Não é para menos, depois de carros e ônibus incendiados, postos policiais atacados com fuzis e metralhadoras fica a impressão de que ninguém pode sair nas ruas na cidade chamada maravilhosa. Evidentemente nem tudo é exatamente como parece ser. Ontem mesmo liguei para um amigo que mora no Rio para perguntar sobre a situação e ele respondeu com muita tranqüilidade: "Por enquanto está tudo calmo por aqui. Estou no trabalho e de vez em quando dou uma olhadinha para a vista maravilhosa do Rio. O problema é lá nos morros, sabe como é que é".

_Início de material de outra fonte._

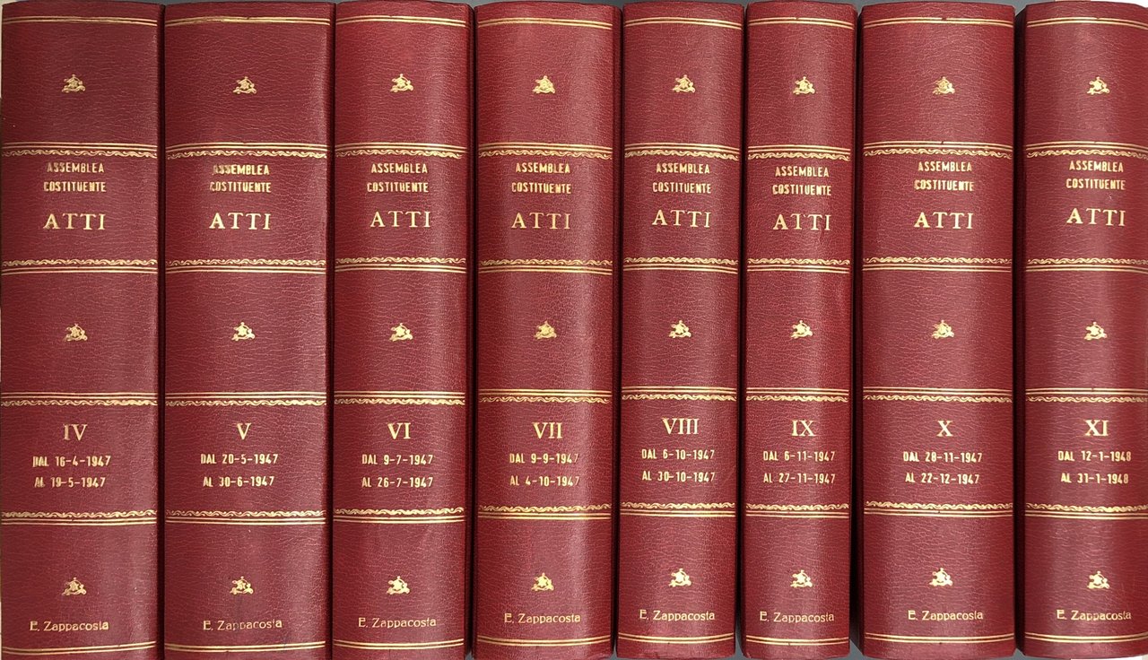 Atti della Assemblea Costituente. Vol. IV - Discussioni dal 16 aprile 1947 al 19 maggio 1947; Vol. V - Discussioni dal 20 maggio 1947 al 30 giugno 1947; Vol. VI - Discussioni dal 9 luglio 1947 al 26 luglio 1947; Vol. VII - Discussioni dal 9 settembre 1947 al 4 ottobre 1947; Vol. VIII - Discussioni dal 6 ottobre 1947 al 30 ottobre 1947; Vol. IX - Discussioni dal 6 novembre 1947 al 27 novembre 1947; Vol. X - Discussioni dal 28 novembre 1947 al 22 dicembre 1947; Vol. XI - Discussioni dal 12 gennaio 1948 al 31 gennaio 1948 | Rare and modern books | Assemblea Costituente (2 Giugno 1946 - 31 Gennaio 1948) - Camera, Dei Deputati

E o que estarão pensando os membros do Comitê Olímpico e da FIFA? Provavelmente devem estar se questionando se fizeram a escolha certa com tantas opções mais tranqüilas, sem problemas de infra-estrutura, sem necessidade de endividamento dos países para receber os eventos.
São preocupantes as imagens que as pessoas constroem a distância. Um casal de ingleses que se hospedou em casa em 2008, ficou estarrecido com as imagens que viram ao longo do caminho entre o aeroporto de Guarulhos e São Paulo. "O Lula não resolveu este problema?". Para eles o presidente operário teria dado uma guinada de 180 graus no país, acabando com a pobreza por decreto. Para um olhar distante parece ser fácil, mas o problema é muito mais complexo. De qualquer forma os ingleses, levaram um choque de realidade quando conheceram algumas favelas e saíram daqui com uma imagem bem diferente da que construíram no conforto de Londres.
Da mesma forma os iraquianos ou os israelenses devem tocar as suas vidas normalmente e os ataques suicidas, são eventos episódicos que não alteram o cotidiano das pessoas. Evidentemente há uma tensão constante com os filhos, esposa ou maridos que estão nas ruas, mas é preciso viver.
Voltando ao problema das ações militares na Vila Cruzeiro e depois no Complexo do Alemão, que muita gente chegou a pensar que Freud já teria decifrado, fica a impressão, para os menos avisados que o tráfico vai se render a um governo capaz de colocar o exército nas ruas. Talvez as lutas intestinas entre as quadrilhas sim, mas o tráfico, como negócio que movimenta centenas de milhões não vai parar. Primeiramente, porque os consumidores das classes mais abastadas continuarão consumindo o pó branco e suas variantes e para isso é preciso à mobilização de um exército de "funcionários" para atendê-los no varejo ou a domicílio. Muita gente vive disso e não podemos tampar o sol com a peneira. Nas grandes capitais do mundo o tráfico funciona como um negócio marginal, mas tolerado pelo estado e pela polícia. Quem viu o filme "As invasões bárbaras" tem idéia do que seja isso. Amigos que moram na Suécia, Dinamarca, Paris e Londres provam que o filme é até menos real do que a realidade.
Talvez depois deste confronto pesado com o Estado, as quadrilhas cariocas se darão conta de que enfrentar o Estado não é uma boa estratégia. O sociólogo alemão Max Weber lembra que o estado é uma estrutura que reivindica com êxito, num determinado território, o monopólio legítimo da violência. Assim, o Estado que abdicar dessa condição poderá deixar de sê-lo. Ao perceber que estava perdendo terreno ou território, as nossas autoridades chegaram à conclusão que precisavam agir.
O hasteamento da bandeira nacional no meio da favela é também emblemático. A primeira vista tem um sentido simbólico de reconquista do território perdido, reforçando o sentimento nacionalista. Numa outra perspectiva pode significar que o Estado brasileiro perdeu o controle da situação em no seu próprio quintal. Ao expor o pavilhão nacional como simbolo de reconquista em um bairro de uma grande capital, ficou a impressão de se acordou agora ou que o crime organizado é capaz de desafiar o Estado. Considerando que no Rio de Janeiro existem mais de mil favelas, a situação é realmente preocupante.